The standard axiomatization of the modal logic $\mathbf{S4}$ is given by \begin{equation*} \begin{split} &\Box(\varphi\rightarrow\psi)\rightarrow(\Box\varphi \rightarrow\Box\psi) \\ &\Box\varphi \rightarrow\Box\Box\varphi\\ &\Box\varphi \rightarrow\varphi \end{split} \qquad \begin{split} &\bf{(K)}\\ &\bf{(4)}\\ &\bf{(T)} \end{split} \end{equation*} with rules of inference
\begin{equation*} \begin{split} \{\varphi,\varphi\rightarrow\psi\}&\vdash \psi\\ \{\varphi\}&\vdash \Box\varphi \end{split} \qquad \begin{split} &\bf{(MP)}\\ &\bf{(N)}\\ \end{split} \end{equation*} for any well formed $\varphi,\psi$. In working on a project, I came across another axiomatization which states $\mathbf{S4}$ is equivalent to
\begin{equation*} \begin{split} &\Box \top \\ &\Box(\varphi\wedge \psi) \leftrightarrow \Box \varphi \wedge \Box \psi\\ &\Box\varphi \rightarrow\Box\Box\varphi\\ &\Box\varphi \rightarrow\varphi \end{split} \qquad \begin{split} &\bf{(N)}\\ &\bf{(R)}\\ &\bf{(4)}\\ &\bf{(T)} \end{split} \end{equation*} with rules of inference \begin{equation*} \begin{split} \{\varphi,\varphi\rightarrow\psi\}&\vdash \psi\\ \{\varphi\rightarrow\psi\}&\vdash \Box\varphi\rightarrow\Box\psi \end{split} \qquad \begin{split} &\bf{(MP)}\\ &\bf{(M)}\\ \end{split} \end{equation*} for any well formed $\varphi,\psi.$
However, I can't find any reference to this axiomatization in any of the classic modal logic text (Chellas, Cresswell & Hughes, Blackburn et al.).
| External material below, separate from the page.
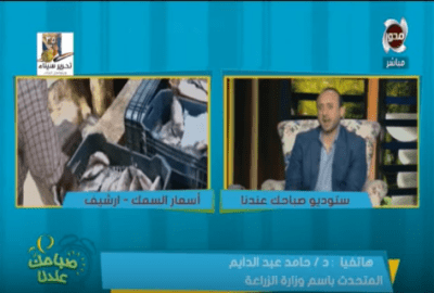 أضاف “عبد الدايم” خلال مداخلة هاتفية مع الإعلامي أحمد الشاعر، ببرنامج “صباحك عندنا” الذي يعرض على شاشة “المحور”، اليوم السبت، أن الدكتور عبدالمنعم البنا وزير الزراعة أقر بإعطاء الأسماك التي تطرحها “الزراعة” لوزارة التموين والتجارة الداخلية، وإلغاء المزاد الذي يتم عمله للصيادين لأخذ وشراء الأسماك من الوزارة.
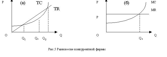 Если выпуск фирмы лежит в пределах от Q1 до Q2, то кривая выручки расположена выше кривой издержек, и прибыль фирмы положительна. Для каждого выпуска из этого промежутка прибыль равна длине вертикального отрезка, соединяющие соответствующие точки кривой выручки и кривой издержек. На рис.5 (а) эти отрезки образуют фигуру, которая напоминает рыбу, а максимальная прибыль равна самому толстому сечению этой «рыбы». Максимум прибыли достигается, когда касательная к графику общих издержек параллельна графику функции выручки, то есть предельные издержки равны цене продукта. На рис.5 равновесный выпуск обозначен через Q*.

Does anyone know of any references as to why these are equivalent, or proofs?
Three initial points:
First, the rules are crucially mis-stated. The necessitation rule N is not $$\{\varphi\} \vdash \Box\varphi$$ but rather $$\textrm{if } \vdash\varphi \textrm{ then }\vdash \Box\varphi,$$ and similarly for M. Getting this right will help!
Second reflect that $\varphi$ is provably equivalent to $(\top \to \varphi)$, and we see why M gives the rule N; while N plus K obviously gives M.
Third, it is a routine exercise to prove R in the first version of S4. So all that remains to show that these systems really are equivalent is to prove K in the second system ... (easier said than done?).